Noite escura da alma
- M.S. Bueno
- 2 de mai.
- 2 min de leitura

Enfim, o suserano do subterrâneo transpassou a superfície que lhe separa do contagiante raiar do sol para enegrecer-me o dia, parar-me o tempo e trazer-me a escuridão. Enquanto o sol, sempre a radiar, imperiosamente na galáxia, estiver a se mostrar, ofuscados ficam os demais seres que por sua soberana luz se submetem à sua vontade. Somente quando a escuridão de Ades se opõe ao seu reinado é que uma parte de seu zodíaco perde-se na luz e vê-se imerso nas trevas.
É a noite escura da alma, o ocaso a anunciar a ausência do eu, daquele que brilha e se mostra, que ofusca e esconde aquilo que não se vê ou que não se quer ver, mas que lá está, presente, na escuridão da alma. É como a pupila, a se dilatar ao entardecer, no lusco fusco, ainda incapaz de enxergar no breu, pois o lilas do sol poente deixa para trás o rastro do regente. Assim que o agora enegrece, assim que o dia se torna noite, o astuto gato ajeita suas pupilas e se adapta a penumbra que se postula.
Ela é longa e sombria. Não há penitência nem austeridade que prepare o homem para o empalidecimento de sua existência.

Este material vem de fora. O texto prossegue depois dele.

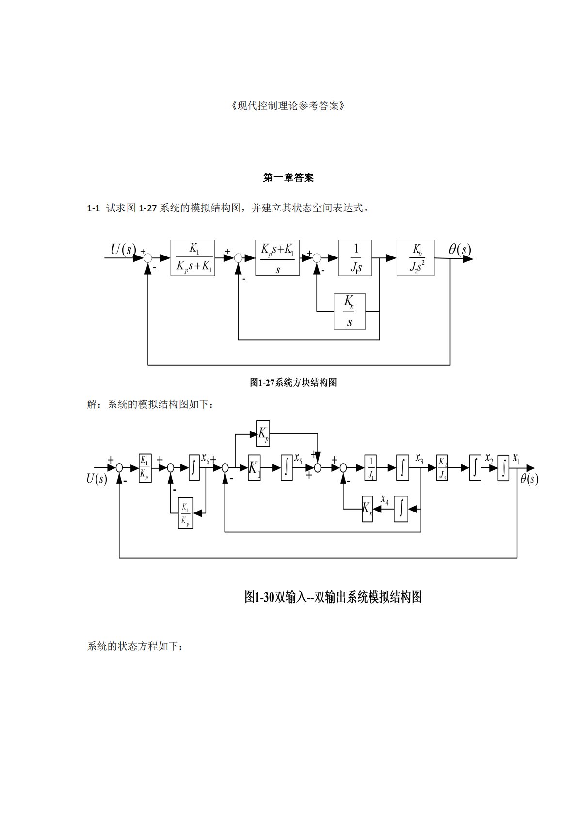 《现代控制理论参考答案》第一章答案1-1试求图1-27系统的模拟结构图,并建立其状态空间表达式。解:系统的模拟结构图如下:系统的状态方程如下:uKKxKKxKKxXKxKxxxxJKxJxJKxJKxxJKxxxppppnpb1611166131534615141313322211令ys)(,则1xy所以,系统的状态空间表达式及输出方程表达式为...

O único esforço requerido e ofertado é o de aceitar, sem relutar, perante o despertar das sombras. Assustar-se e sucumbir ou se entregar e enfrentar são as únicas escolhas possíveis para o herói que encara em seu ser a presença do breu. Não há outra opção. Aí está o único livre-arbítrio presente na vida do sofredor eu.
A luva a ele concedida lhe acomoda aos dedos com a precisão do costume feito sob medida pelo alfaiate. Nem justo nem largo, na medida, precisa e firme, confortável e inquietante. Aos olhos do temeroso, assustador lhe parece o açougueiro que com a faca e a limalha afiam o fio que afastará a carne podre que ainda se dependura da pelanca saliente, uma sobra desnecessária mas que ainda presente pesa sob o corpo que já não admite excessos.
Ao homem, não há escolha se não sucumbir e se deixar passar pela lâmina que corta e extirpa aquilo que já não mais serve. A dor é desconsertante, anuvia a vista, embriaga a alma, exorta o homem de seu próprio ser. Ele não mais será ele, se vivo passar pela noite escura da alma. Nada nem ninguém retorna vivo do mundo dos mortos. Renascido, será um novo eu, se houver um amanhecer.
A morte chega súbita e repentina, surpreendente, sem qualquer aviso prévio ou vestígio que lhe possa anunciar o entardecer. Não há lamparina prendida a amenizar a morte que se perpetua. Um acontecimento brusco a deixar o mais preparado dos homens atônito. Perplexo, cabe ao observador apenas o testemunho e nada mais. Não há força que lhe fará sobrepujar tal acontecimento. A despedida é inadiável, um fato que se não for acolhido estará perdido para sempre, na noite escura da alma.